She rose as she spoke, and passed her arm through his, and they began slowly pacing up and down among the trees. The "something else" which formed the subject of their talk it is not very difficult to divine, and though apparently deeply interesting to them, it would not be worth transcription. It was the old, old subject, which retains its glamour in all countries and in all places, and which was as entrancing in that bit of cockney paradise, with the smoke-discoloured trees waving above them, and the dirty sheep nibbling near them, as it was to OEnone on Ida, or to Desdemona in Venice.
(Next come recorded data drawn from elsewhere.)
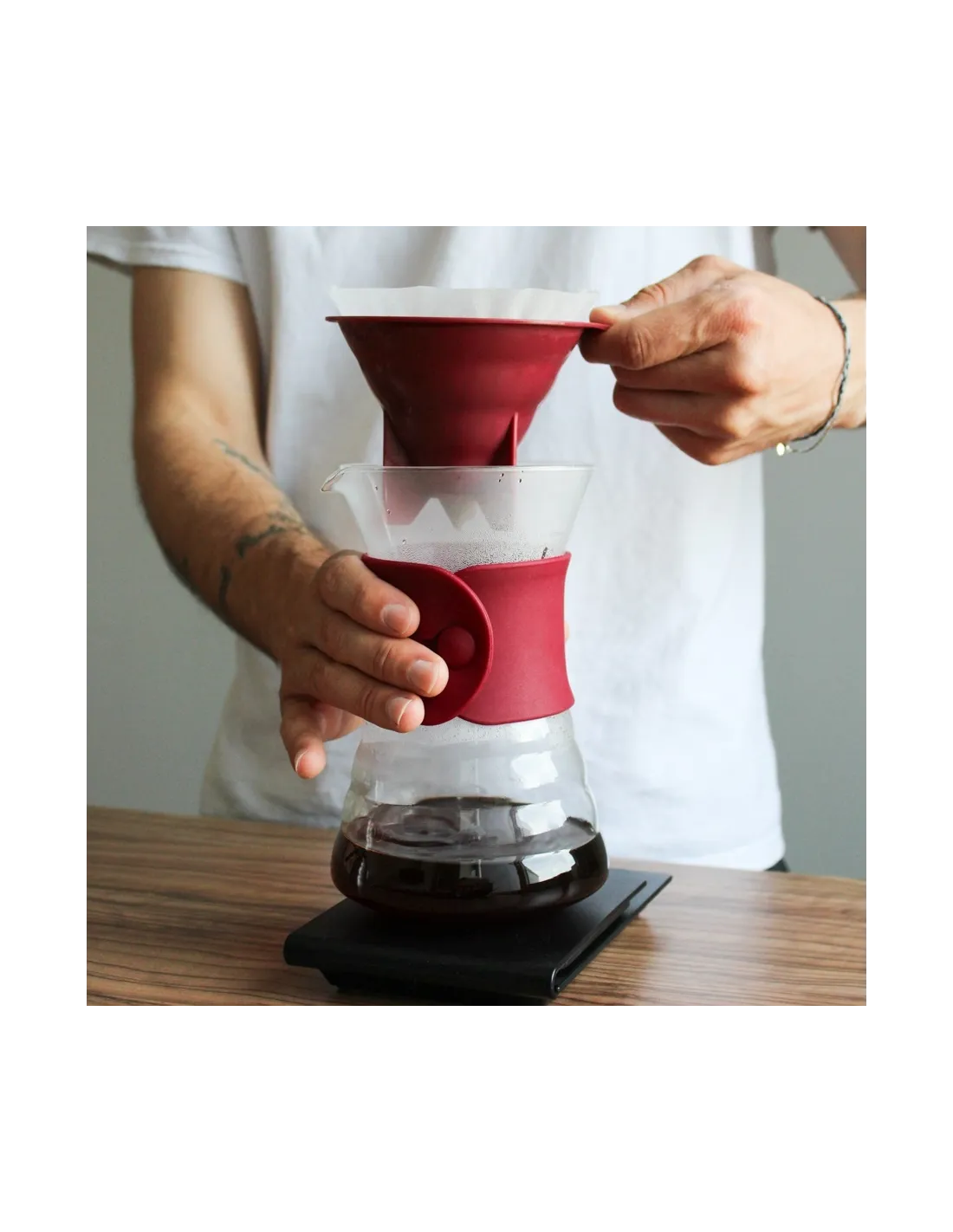 Cijeli set će vas osvojiti svojom neizmjernom elegancijom i praktičnošću. Jednostavno stavite kapaljku u dekanter, ubacite filter, srednje grubo mljevenu kavu, ulijete i uživate u pogledu na svježu kavu koja se filtrira.
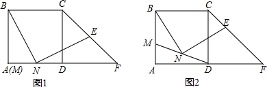 (1)如图1,点M、A重合,E为CF的中点,试探究BN与NE的位置关系及
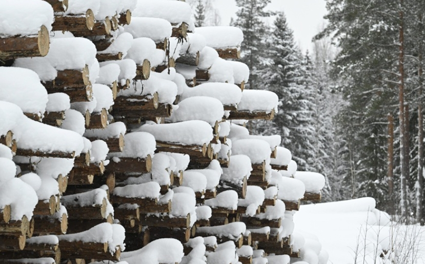 Snow-covered logs in Keuruu in December 2023. A drop in logging volumes had a positive impact on greenhouse emissions in Finland in 2024, according to an analys…
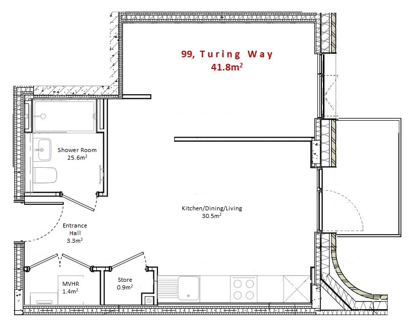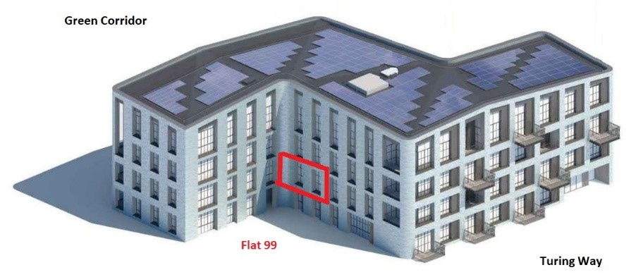 99 Turing Way (41.8m2), in block 'D' of the development, is a Second-floor, Studio apartment with a Balcony
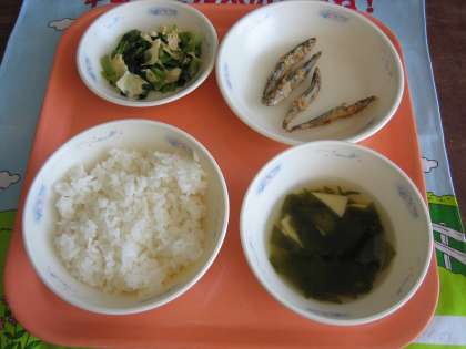 ごはん・きびなごのこはくあげ・小松菜とゆばの煮びたし・若竹汁
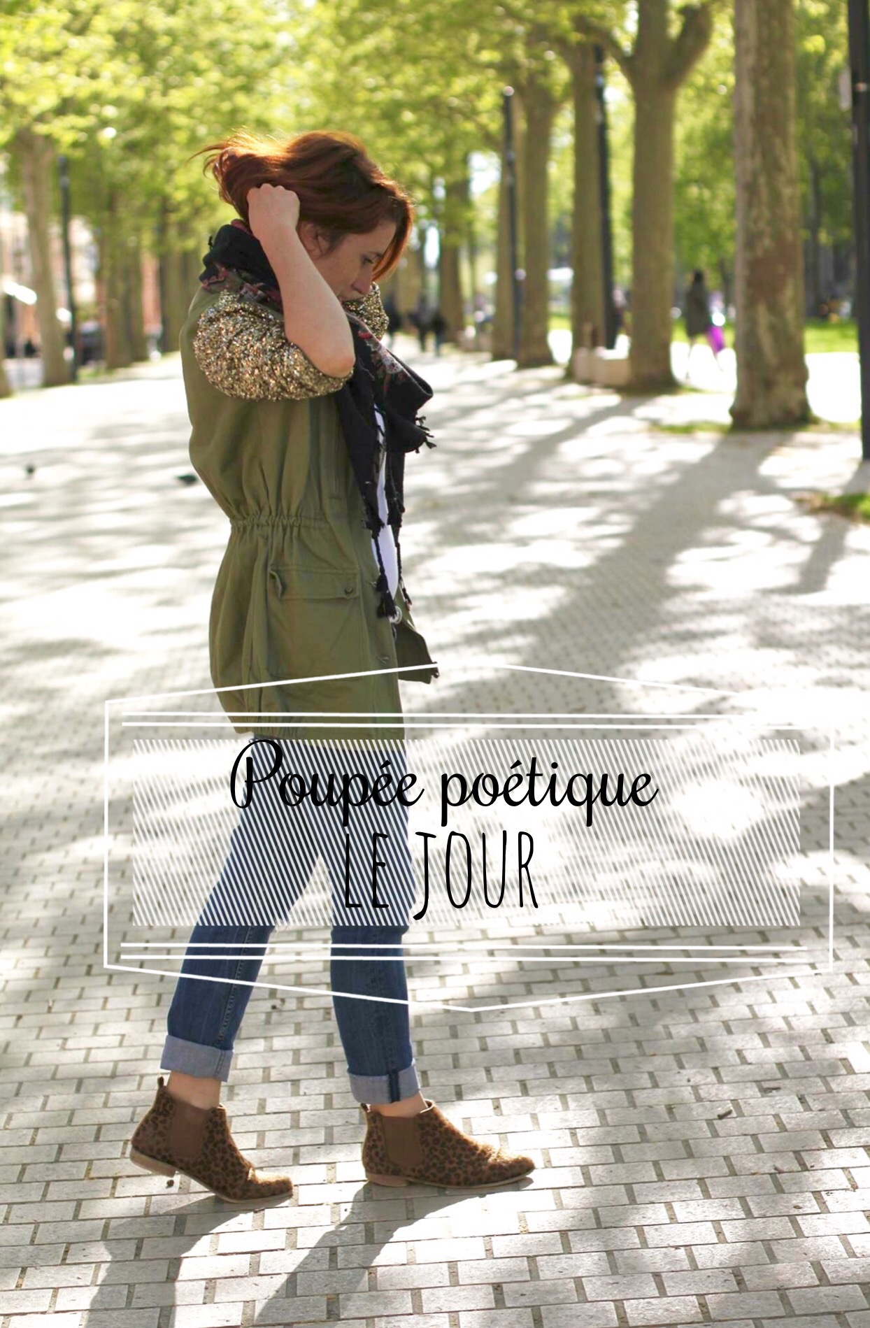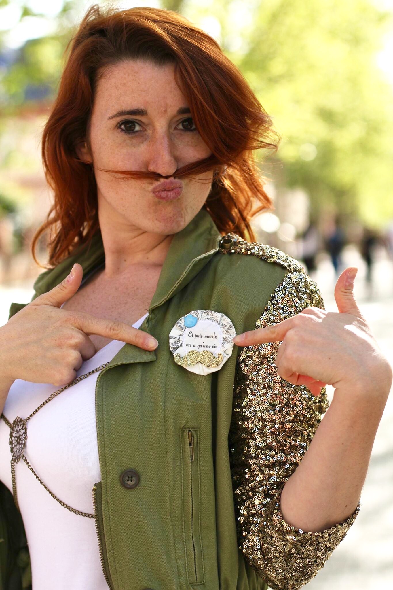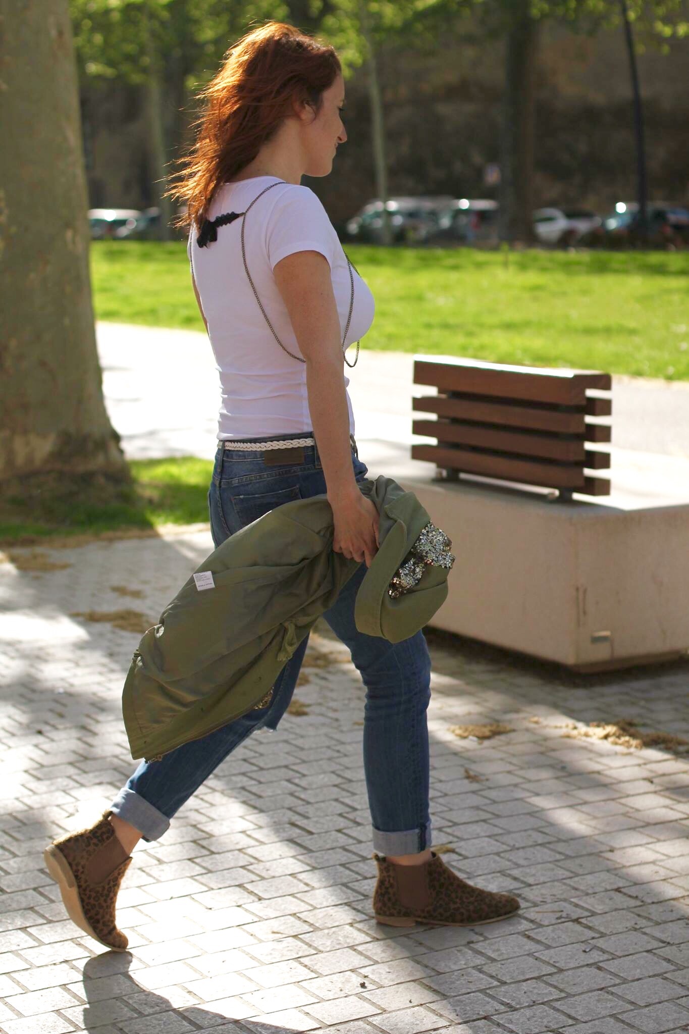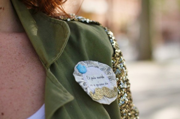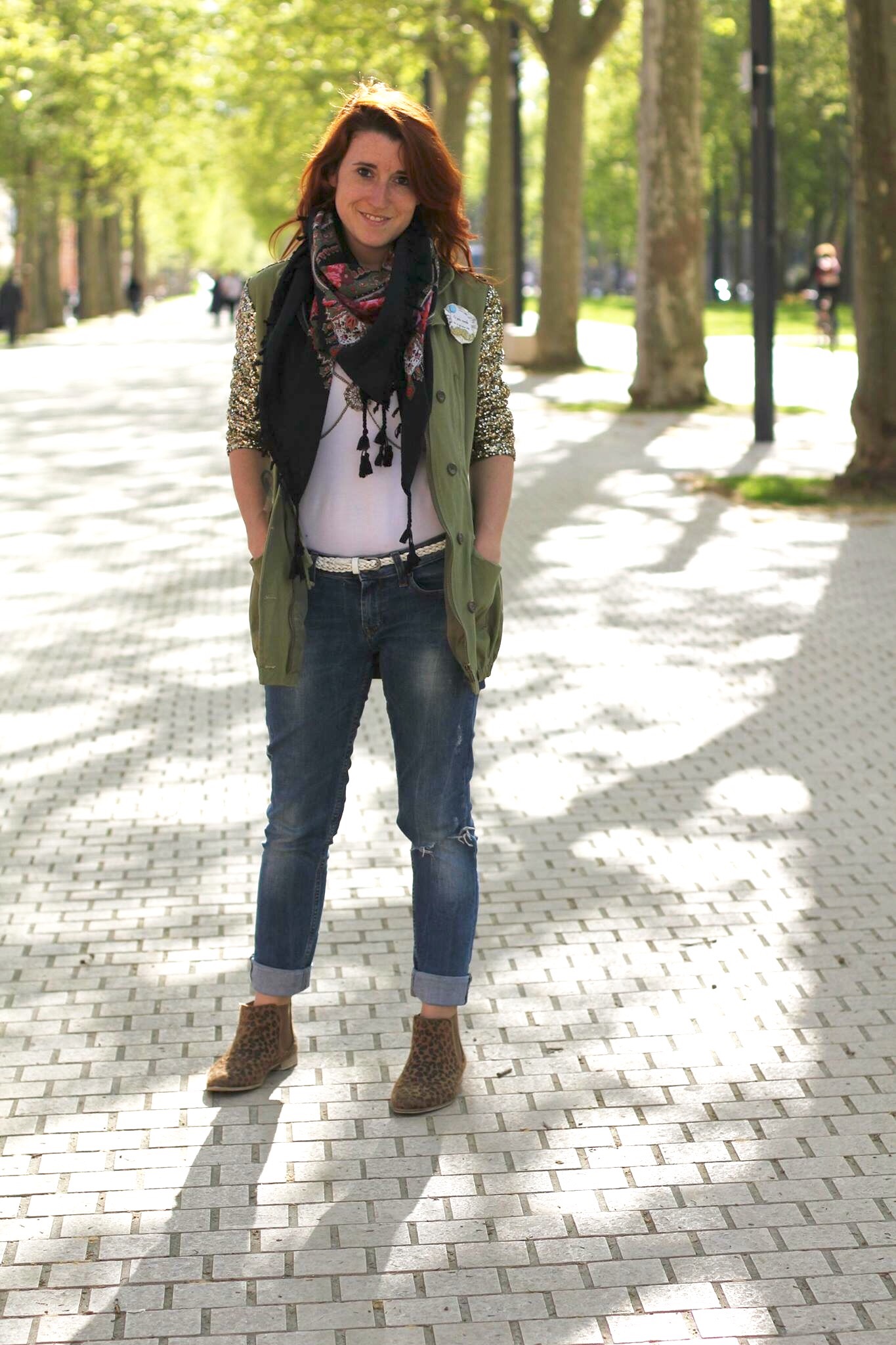 Combo jean / t-shirt blanc relevé grâce à la chaine de corps « triangle » et ma veste kaki à paillettes.

So they strolled about, trying endless variations of the same tune, until it became time for Daisy to think of returning to her place of business. Paul, after a little inward struggle with himself, proposed to walk with her as far as the Marble Arch; there would be no one in that part of the Park, he thought, of whom he need have the slightest fear; and Daisy appearing to be delighted, they started off. Just before they reached the end of the turf by the Marble Arch they stopped to say adieux. These apparently took a long time to get over, for Daisy's delicate little glove was retained in Paul's grasp, her face was upturned, and he was looking into it with love and passion in his eyes. So that they neither of them observed a tall gentleman who had just entered the gates, and was striking across the Park when his eyes fell upon them, and who honoured them, not with a mere cursory glance, but with an intense and a prolonged stare. This gentleman was George Wainwright.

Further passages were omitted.